→ Task brief: The answer is to be the lines below that lie between the line holding "- Masukkan makaroni" and the line holding "ويشهد برج الذهب", inclusive, transcribed exactly and free of pictures.

→ Extracted records:
────────────────────

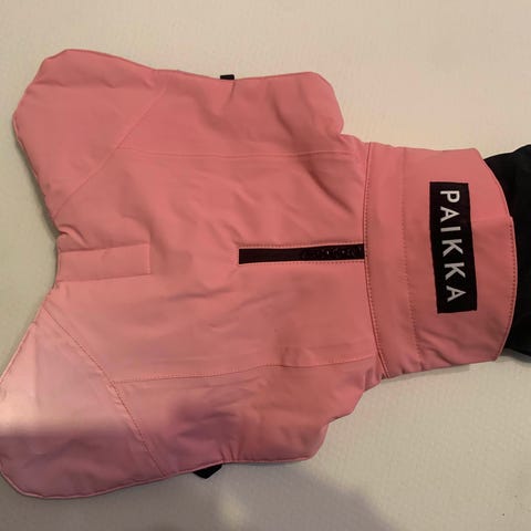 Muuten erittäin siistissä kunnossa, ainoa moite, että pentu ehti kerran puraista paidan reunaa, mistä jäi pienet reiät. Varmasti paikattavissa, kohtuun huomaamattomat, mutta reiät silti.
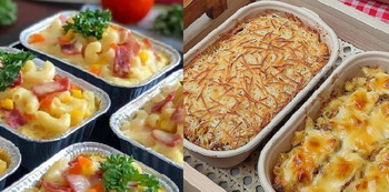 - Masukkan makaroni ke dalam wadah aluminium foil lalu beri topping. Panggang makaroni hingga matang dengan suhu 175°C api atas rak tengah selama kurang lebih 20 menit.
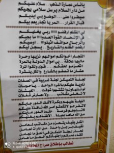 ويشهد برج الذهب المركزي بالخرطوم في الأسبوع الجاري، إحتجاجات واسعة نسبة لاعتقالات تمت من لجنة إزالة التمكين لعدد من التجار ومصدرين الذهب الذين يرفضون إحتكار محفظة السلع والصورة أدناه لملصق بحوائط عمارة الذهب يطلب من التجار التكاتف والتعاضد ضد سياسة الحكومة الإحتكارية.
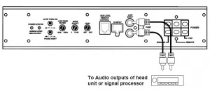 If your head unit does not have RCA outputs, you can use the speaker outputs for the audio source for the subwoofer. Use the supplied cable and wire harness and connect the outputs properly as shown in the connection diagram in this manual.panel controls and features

────────────────────

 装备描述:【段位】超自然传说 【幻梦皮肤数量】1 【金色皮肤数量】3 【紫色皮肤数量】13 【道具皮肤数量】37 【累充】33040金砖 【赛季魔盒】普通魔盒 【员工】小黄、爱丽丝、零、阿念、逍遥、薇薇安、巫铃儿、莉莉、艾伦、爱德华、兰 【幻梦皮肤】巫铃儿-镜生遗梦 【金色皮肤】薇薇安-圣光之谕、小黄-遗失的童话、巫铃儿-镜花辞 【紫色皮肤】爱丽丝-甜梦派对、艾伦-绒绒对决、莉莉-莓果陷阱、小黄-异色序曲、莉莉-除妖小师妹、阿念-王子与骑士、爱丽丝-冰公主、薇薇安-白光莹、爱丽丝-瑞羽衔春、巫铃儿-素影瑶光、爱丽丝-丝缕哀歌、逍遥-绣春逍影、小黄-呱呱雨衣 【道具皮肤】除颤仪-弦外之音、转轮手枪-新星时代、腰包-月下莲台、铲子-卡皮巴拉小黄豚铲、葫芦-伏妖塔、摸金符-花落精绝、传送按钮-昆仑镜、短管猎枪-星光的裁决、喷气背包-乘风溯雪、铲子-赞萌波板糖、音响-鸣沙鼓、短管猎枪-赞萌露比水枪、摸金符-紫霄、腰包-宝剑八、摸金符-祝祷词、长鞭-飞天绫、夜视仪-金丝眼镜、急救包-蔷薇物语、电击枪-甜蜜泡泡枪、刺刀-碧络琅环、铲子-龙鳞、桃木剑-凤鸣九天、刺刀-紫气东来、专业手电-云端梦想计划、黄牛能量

────────────────────

→ Expected answer:
 - Masukkan makaroni ke dalam wadah aluminium foil lalu beri topping. Panggang makaroni hingga matang dengan suhu 175°C api atas rak tengah selama kurang lebih 20 menit.
 ويشهد برج الذهب المركزي بالخرطوم في الأسبوع الجاري، إحتجاجات واسعة نسبة لاعتقالات تمت من لجنة إزالة التمكين لعدد من التجار ومصدرين الذهب الذين يرفضون إحتكار محفظة السلع والصورة أدناه لملصق بحوائط عمارة الذهب يطلب من التجار التكاتف والتعاضد ضد سياسة الحكومة الإحتكارية.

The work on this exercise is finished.